Detailed intertwined reports over the news were seen on both Reuters and the WSJ. The reports have shown that Jean Paul Prates is being replaced by Magda Chambriard, who is a former government regulator. This decision was shown to be from Brazil’s Ministry of Mines and Energy. The recent spats over dividends and not lowing oil prices have also been cited. This is where the soap opera meets the “value” case.

This dispute was said to be over dividend payments, but Petrobras does not have a structure like U.S. oil and gas companies. The capital structure case is boring to even consider for most investors, but this situation is awful for investors. Of the common shares, the Federal Government (Brazil) owns 50.26% of the shares. The NYSE-listed ADSs own about 27.4%. The rest of the structure listed as B3 – Non-Brazilian investors, institutional investors, FMP-FGTS/FIA funds, General retail, and finally a tiny number of shares in Treasury.

The total “shareholding structure” is more complicated and you can do your own due diligence if you have that free time on your hands and nothing else to do. Their own website lays it all out and in English for you to see.

And let’s not forget the preferred shares are there for two classes of NYSE-listed shares. The Petróleo Brasileiro S.A. – Petrobras (NYSE: PBR-A) screens out as a 13% dividend yield, while the regular shares screen out as a 12.4% yield. The regular shares were last seen down 7.2% at $15.48 and some 52 million shares had traded hands already with more than two hours to the NYSE close. The “PBR-A” shares were down 6.2% at $14.89 with 16 million shares having traded hand at the same time.

Who wants to bet what the dividend policies will be in the future under a state-controlled entity being run by a former regulator? If you parse through the structure above the reality is that the Brazil government is in line for its share of profits, and the workers have their share, all before the ADS holders get their dividends. And Petrobras had also been loaded up with debt in the previous decade as well. It makes for an exercise where trying to calculate the “what’s left here?” is likely a lot less if a former regulator has any role in determining whether or not to lower oil prices and then decide who gets what in dividends.
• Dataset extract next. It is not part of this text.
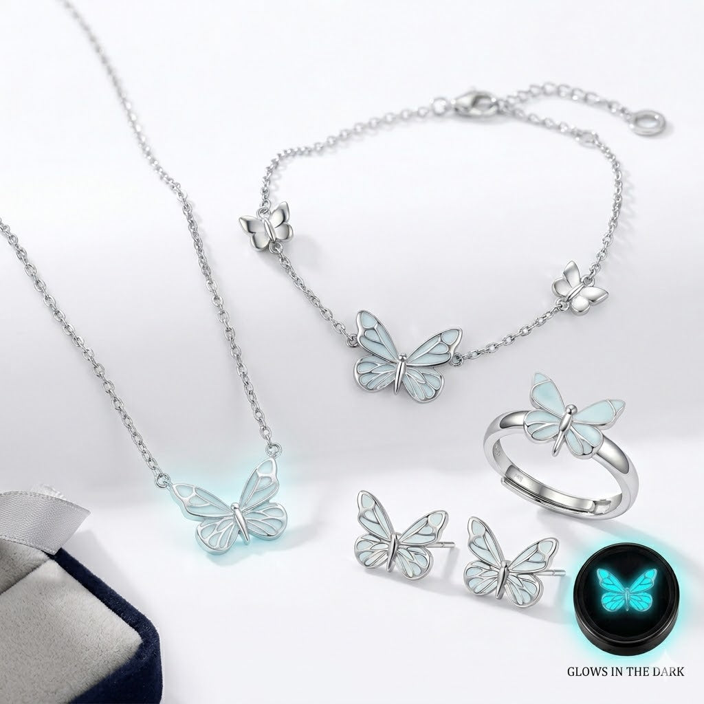 Elevate your jewelry collection with a touch of ethereal wonder. These enchanting earrings feature a delicate butterfly design in a dreamy cerulean blue, blending classic elegance with a hidden, mystical secret: they glow softly when the lights go down.

One issue that habitually hurts value investors is when they try to apply traditional valuation and operating metrics to non-traditional entities or entities that are in turmoil. Do value investors dare to consider the 9.2 billion barrels of proved reserves (spelled out in English)? And what about the natural gas and NGL in the mix? It’s too hard to know who is going to own what, or what the cash flow waterfall will dictate, anyway. A Finviz screen on the regular Petrobras ADSs shows the valuations at less than 5-times earnings and only 1.23-times book value. The debt/equity ratio is also shown to be 0.76. But with a capital structure that is so much more complicated than U.S. companies it’s hard to trust any of it.
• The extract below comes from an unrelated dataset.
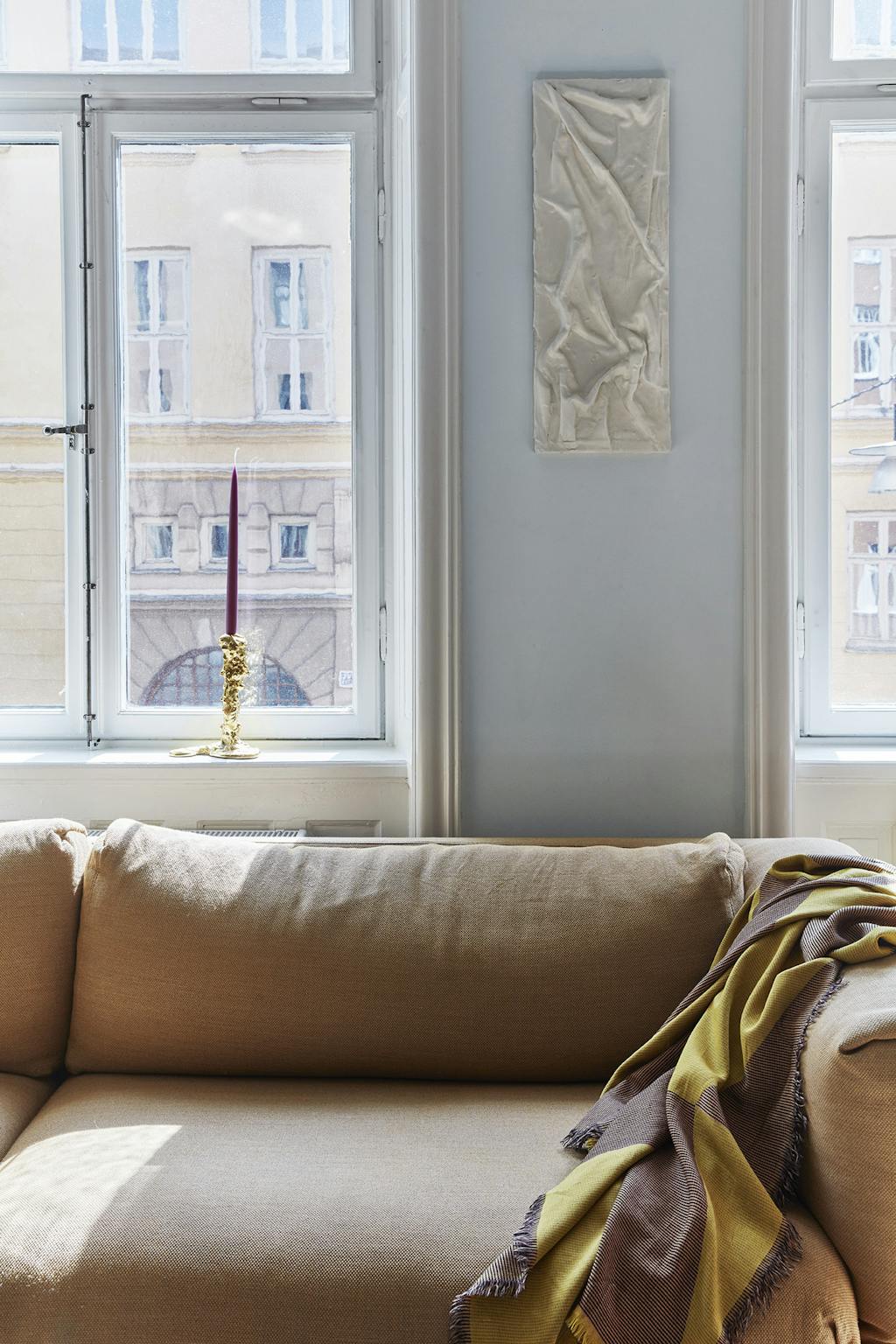 Av– Da vi kjøpte leiligheten høsten 2018, så den ganske kjedelig ut. Gjennom årenes løp hadde den blitt pusset opp flere ganger, men uten at det var tatt hensyn til verken huset eller leilighetens opprinnelige karakter fra 1906. Taket i entreen og det tidligere kjøkken var for eksempel senket 40 centimeter for å gi plass til spotter og ledninger, og et av rommene var blitt solgt til naboleiligheten, forteller Sophie Rockwell og Ludvig Marnell om hjemmet sitt på Södermalm i Stockholm.

Petrobras is the largest oil and gas company based in Latin America. It has vast deepwater oil reserves. And it has a tug of war over whether the government gets the lion’s share of the money or the investors get the lion’s share. Whether or not it remains the most indebted oil company in the world may not matter. Ditto for its many past scandals.

What’s more surprising than anything is that U.S. brokerage firm analysts have had “Buy” ratings on Petrobras. This same day brought an analyst downgrade by Jefferies, cutting Petrobras to Hold from Buy. Back in March, UBS maintained a Buy rating and a few days prior HSBC raised its rating to Buy from Hold. On March 12, Goldman Sachs maintained a Buy rating and lowered its price target. And on March 8, BofA Securities downgraded Petrobras to Neutral from Buy.

Again, any investor who wants to own large oil and gas companies with vast reserves has many options other than Petrobras. Those same investors also have options with more stable governments and many other capital structures that are easier to understand. Perhaps the largest mystery of all here, despite all of these issues, is that Petrobras ADSs had recovered about 300% from the 2020 lows from the Covid-induced bear market.